Understanding RPC, Messaging, and Related Concepts

RPC (Remote Procedure Call)

RPC, which stands for Remote Procedure Call, refers to a communication protocol that allows a computer program to cause a subroutine or procedure to execute in another address space (commonly on another computer on a shared network) without the programmer explicitly coding the details for this remote interaction. The concept of RPC is often associated with technologies such as REST, microservices, gRPC, WCF, Java RMI, and others. The primary focus of RPC is to enable the invocation of methods or procedures across a network, typically over HTTP.

Messaging Systems

Messaging systems, on the other hand, are designed to facilitate asynchronous communication between distributed components or services. These systems often utilize message queues to decouple the sender and receiver, allowing for more flexible and resilient communication patterns. Messaging architectures are commonly employed in the context of microservices and distributed systems to enable scalable and reliable interactions between various components.

Performance Comparison: RPC vs. Messaging

The debate surrounding the performance of RPC versus messaging systems is a complex and nuanced one. While RPC may initially appear to offer lower latency due to its direct socket connections and synchronous nature, a deeper analysis reveals significant considerations related to scalability, memory management, and overall system throughput.

Key Points from the Article

  1. RPC "Faster" Perception: The article discusses the common perception that RPC communication is inherently faster than messaging due to the direct nature of its interactions. However, it emphasizes the need to consider the broader context and challenges associated with this comparison.

  2. Threads and Memory: The article delves into the implications of RPC calls on memory management and the behavior of garbage collectors in the context of remote invocations. It highlights the potential for memory retention and the impact on system scalability.

  3. Impact on System Throughput: The article outlines the challenges faced by RPC-based systems under load, particularly in scenarios involving multiple service calls and memory pressure. It contrasts this with the resilience and scalability offered by messaging systems, which leverage durable disks and parallel processing to handle higher loads effectively.

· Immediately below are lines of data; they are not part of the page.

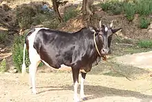 Ponwar is an indigenous cattle breed of India.[1] It is known to be originated at Ponwar in Puranpur Taluk in Pilibhit district of Uttar Pradesh state and the breed is named after the same place.[2] The cattle is also restricted to the small geographic area[3] adjoining Ponwar. The cattle are known to be very active and are of fiery disposition. They exhibit dual coloured complexion of black and white. It is a draught breed and is mainly used for cart pulling.[4]The breeding tract lies between latitude 28°4’ and 28°8’ North and between longitude 79°0’ and 80°4’ East.The tail switch is white in black animals and black in those having a greater proportion of white patches. The body is small, compact and non-fleshy, the face is small and narrow and the ears are small. The horns are small to medium and curve inward with pointed tips. The hump is small in females and developed in males. The tail is long and reaches to below the hock. Cows have small udders and teats. The animals of this breed possess an aggressive temperament.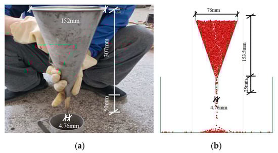 The Marsh funnel test is a simple, rapid, and practical field method primarily used to evaluate the relative viscosity of non-Newtonian fluids, such as cement slurries or other grouting materials. It offers a standardized and reproducible approach for assessing the flowability and consistency of slurry mixtures, serving as a useful indicator of their workability under field conditions. As a classical rheological test method, the Marsh funnel test quantitatively evaluates the workability of slurry by measuring its outflow time through a standardized geometric container. In this study, a stable slurry with a water–cement ratio of 0.7 is used, and its component mass ratio is cement–water–water reducer–bentonite = 1:0.7:0.015:0.005. The water exudation rate within 2 h is measured to be ≤1% in laboratory tests. To improve computational efficiency, the following optimization strategies are employed in the numerical modeling: (1) Geometric similarity criterion: key dimensions of the standard funnel are reproduced at a 1:2 scale. (2) Particle discretization: the characteristic particle size of cement particles is set to 1 mm, and 1341 discrete elements are generated using a random packing algorithm. (3) Contact constitutive modeling: the adhesive rolling resistance linear model is adopted to characterize particle interactions. (4) Parameter inversion and calibration: through iterative optimization of mesoscopic parameters, the simulated outflow time converges to the reference value of 45 s obtained from physical testing. The key geometrical parameters of the Marsh funnel are illustrated in Figure 5a,b.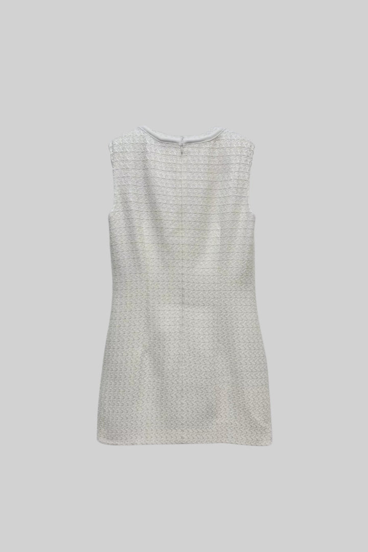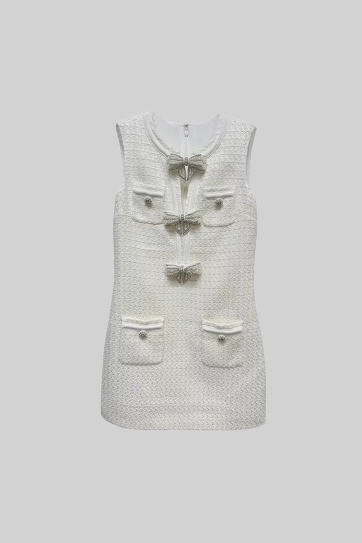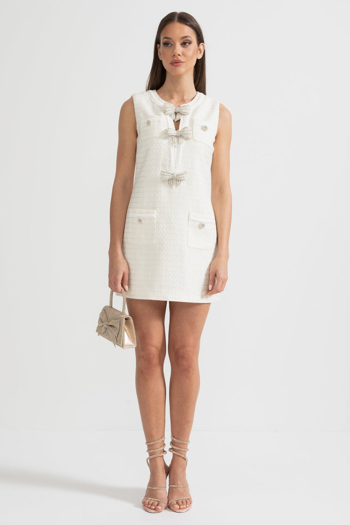 Metal Süslemeli Fiyonklu Beyaz Dokulu Kolsuz Elbise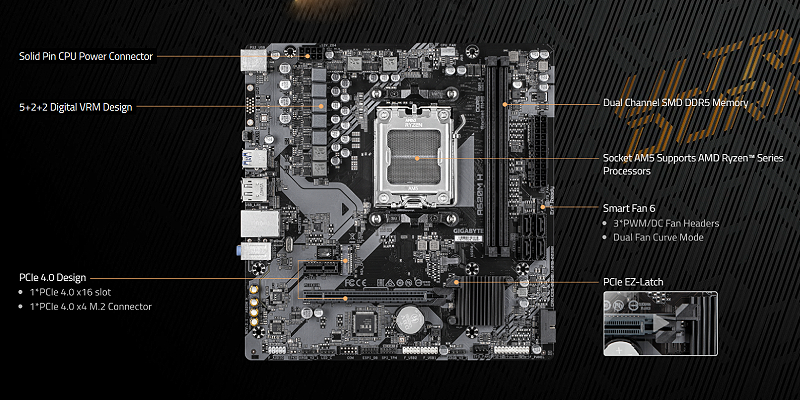 AMD Socket AM5:Supports AMD Ryzen™ 7000 / Ryzen™ 8000 / Ryzen™ 9000 Series Processors

  4. Summary and Recommendations: The article concludes by emphasizing the risks associated with synchronous RPC models and the potential for system failure under certain conditions. It advocates for the adoption of asynchronous messaging systems as a more robust and scalable alternative, offering higher and stable overall throughput.

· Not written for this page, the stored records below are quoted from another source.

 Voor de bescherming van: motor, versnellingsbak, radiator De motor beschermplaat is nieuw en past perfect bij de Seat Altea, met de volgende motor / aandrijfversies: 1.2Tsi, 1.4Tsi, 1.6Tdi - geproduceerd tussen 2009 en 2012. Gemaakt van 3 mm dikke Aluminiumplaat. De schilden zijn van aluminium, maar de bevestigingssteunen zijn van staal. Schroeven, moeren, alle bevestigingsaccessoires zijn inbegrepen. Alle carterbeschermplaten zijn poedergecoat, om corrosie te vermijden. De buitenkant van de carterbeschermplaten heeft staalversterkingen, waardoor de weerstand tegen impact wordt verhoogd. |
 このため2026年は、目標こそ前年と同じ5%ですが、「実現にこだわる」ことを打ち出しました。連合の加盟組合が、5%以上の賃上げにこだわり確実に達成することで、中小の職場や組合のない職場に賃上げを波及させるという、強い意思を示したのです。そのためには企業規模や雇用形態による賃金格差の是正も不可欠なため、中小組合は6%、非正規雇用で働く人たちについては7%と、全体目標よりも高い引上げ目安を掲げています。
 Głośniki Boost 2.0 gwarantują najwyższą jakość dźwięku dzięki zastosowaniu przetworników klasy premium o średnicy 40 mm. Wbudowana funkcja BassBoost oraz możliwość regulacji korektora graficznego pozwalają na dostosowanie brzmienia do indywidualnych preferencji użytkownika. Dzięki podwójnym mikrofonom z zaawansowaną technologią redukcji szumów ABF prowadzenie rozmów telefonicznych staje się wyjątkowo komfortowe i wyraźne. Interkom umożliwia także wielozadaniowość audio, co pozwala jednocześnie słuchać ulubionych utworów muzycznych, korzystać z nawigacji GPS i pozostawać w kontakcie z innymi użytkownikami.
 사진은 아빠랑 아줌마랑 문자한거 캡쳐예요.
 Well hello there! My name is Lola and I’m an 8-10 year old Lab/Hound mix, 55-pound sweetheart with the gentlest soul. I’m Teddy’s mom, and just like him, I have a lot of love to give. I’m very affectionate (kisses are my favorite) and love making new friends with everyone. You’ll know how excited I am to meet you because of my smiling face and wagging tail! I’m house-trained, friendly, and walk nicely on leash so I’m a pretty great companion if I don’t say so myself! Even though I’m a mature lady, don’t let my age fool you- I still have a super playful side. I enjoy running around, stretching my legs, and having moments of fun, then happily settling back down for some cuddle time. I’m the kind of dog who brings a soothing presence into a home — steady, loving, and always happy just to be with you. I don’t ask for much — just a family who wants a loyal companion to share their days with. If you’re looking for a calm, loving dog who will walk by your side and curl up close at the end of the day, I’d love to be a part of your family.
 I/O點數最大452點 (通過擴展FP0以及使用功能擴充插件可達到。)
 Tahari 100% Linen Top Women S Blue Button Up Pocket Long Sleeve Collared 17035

In summary, the article provides a comprehensive exploration of the performance considerations and trade-offs between RPC and messaging systems, shedding light on the complexities involved in evaluating their respective advantages and limitations.

If you have any specific questions or would like to delve deeper into any of these concepts, feel free to ask!

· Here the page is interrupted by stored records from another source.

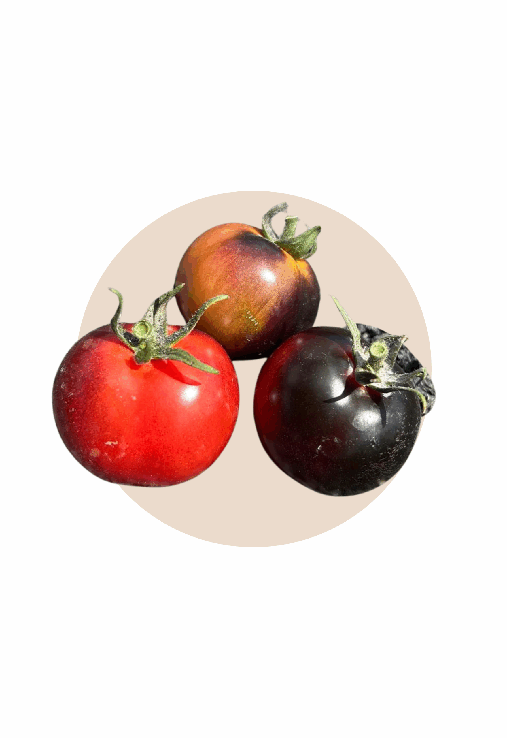 Variedad de tomate de alta calidad, utilizado en ensaladas y platos gourmet. Estilo Kumato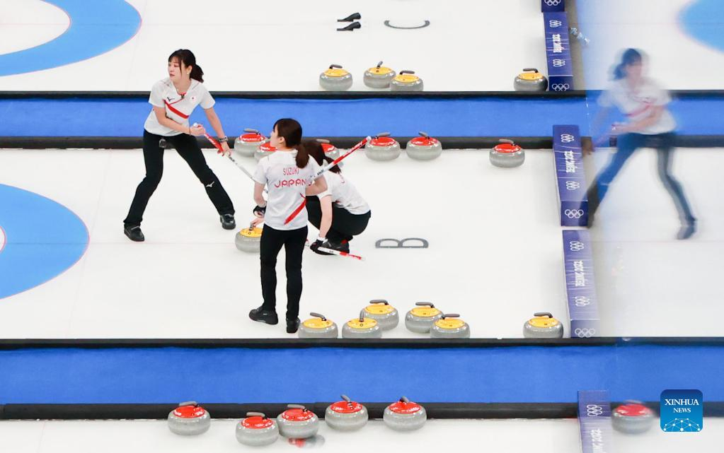 Athletes of Japan compete during the Curling Women's Round Robin Session 3 of the Beijing 2022 Winter Olympics between Canada and Japan at the National Aquatics Centre in Beijing, capital of China, Feb. 11, 2022. (Xinhua/Liu Xu)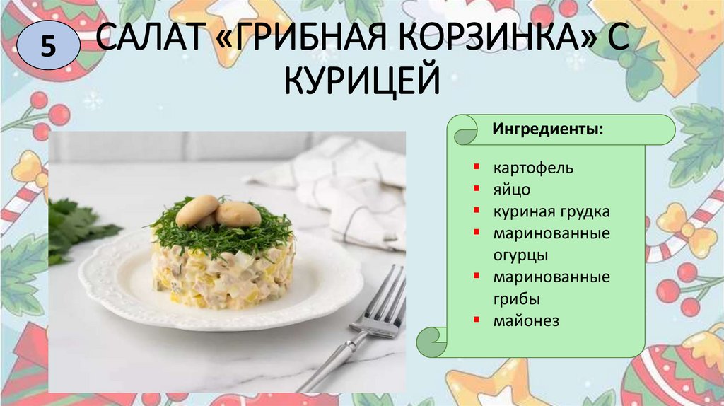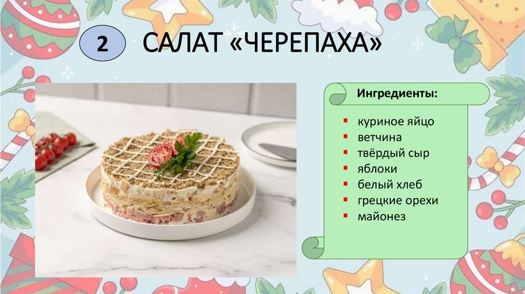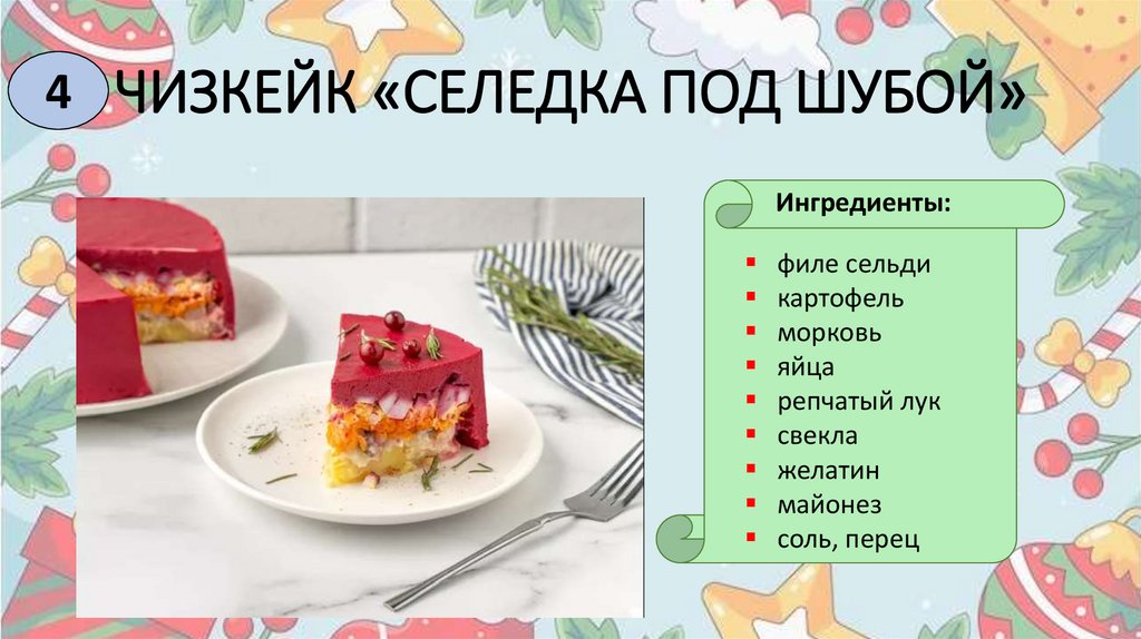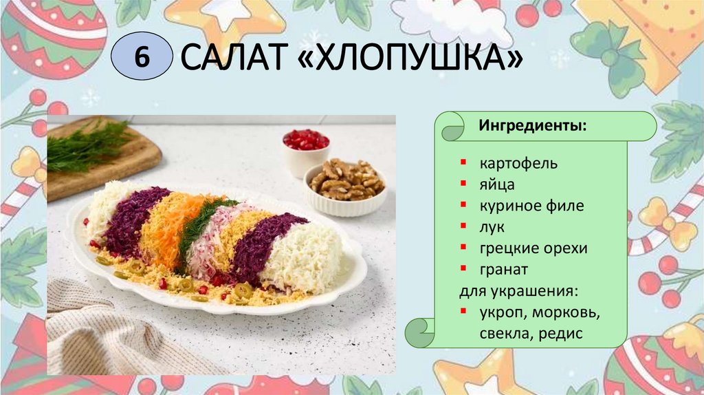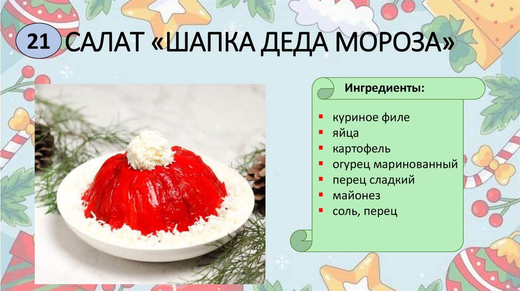 21 САЛАТ «ШАПКА ДЕДА МОРОЗА»Ингредиенты: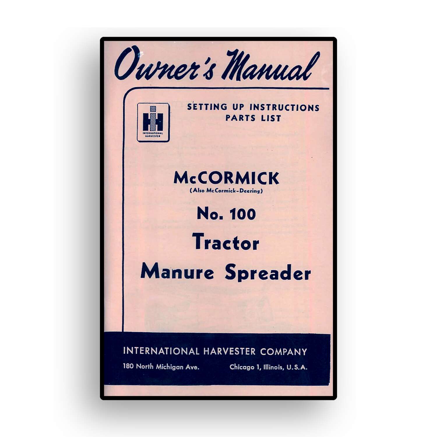 Owners Manual for McCormick No. 100 Tractor Manure Spreader

RPC vs. Messaging – which is faster? (2024)
Top Articles
Latest Posts
Article information

Author: Jeremiah Abshire

Last Updated:

Views: 5958

Rating: 4.3 / 5 (74 voted)

Reviews: 81% of readers found this page helpful

Author information

Name: Jeremiah Abshire

Birthday: 1993-09-14

Address: Apt. 425 92748 Jannie Centers, Port Nikitaville, VT 82110

Phone: +8096210939894

Job: Lead Healthcare Manager

Hobby: Watching movies, Watching movies, Knapping, LARPing, Coffee roasting, Lacemaking, Gaming

Introduction: My name is Jeremiah Abshire, I am a outstanding, kind, clever, hilarious, curious, hilarious, outstanding person who loves writing and wants to share my knowledge and understanding with you.